After under performing the S&P 500 and Nasdaq in the past two years, the Israeli gauge is trading at 1.59 times book value, compared with 2.67 times for the Nasdaq and 2.1 for S&P, data compiled by Bloomberg show. Israel is due to start pumping gas from the Tamar and Dalit fields in 2013, enabling the nation to wean itself off its dependence on Egyptian gas for much of its electricity generation. Egypt cut its flow to Israel this year due to bombings along the Sinai pipeline, forcing companies to switch to more expensive fuels.
“The direct impact of the Tamar field on gross domestic product will be around 0.5 percent in 2013, but the indirect contribution of cheap local gas to industrial companies’ profitability and to their competitive advantage is also very significant,” Licht said today at a press conference in Tel Aviv. He added that government regulations, including steps to boost competition in telecommunications, will probably be put on hold due to Israel’s planned elections in January, thereby reducing pressure on some shares.
Tamar and Dalit are big enough to supply the country with fuel for two decades.
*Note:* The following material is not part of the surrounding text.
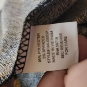 Black, army green and rust are the main colors. Beautiful slightly oversized knit style blouse. Animal print. Buttons accent the side of the blouse in a slant. Buttons meet the center of the hem with a small v at the hemline. The buttons are not functional. Long sleeves. Cowl turtle neck style. Pullover.

Houston-based Noble Energy Inc. holds a 36 percent stake in the Tamar field situated in the Eastern Mediterranean, while local partners include Delek Drilling-LP and Avner Oil Exploration LLP, whose shares are up by a respective 3 percent and 2.5 percent this year.
Oil Refineries Ltd., whose shares have fallen 4.1 percent in 2012, last month signed a long-term contract for as much as $1.3 billion of natural gas from the Tamar field.
Expected infrastructure investments in the gas sector in coming years will also help boost the revenue of companies that take part in the projects and create jobs, Licht said. Woodside Petroleum Ltd., Australia’s second-largest oil and gas producer, this week agreed to pay as much as $2.3 billion for 30 percent of Leviathan, the country’s largest gas field, which is set to start production in 2016.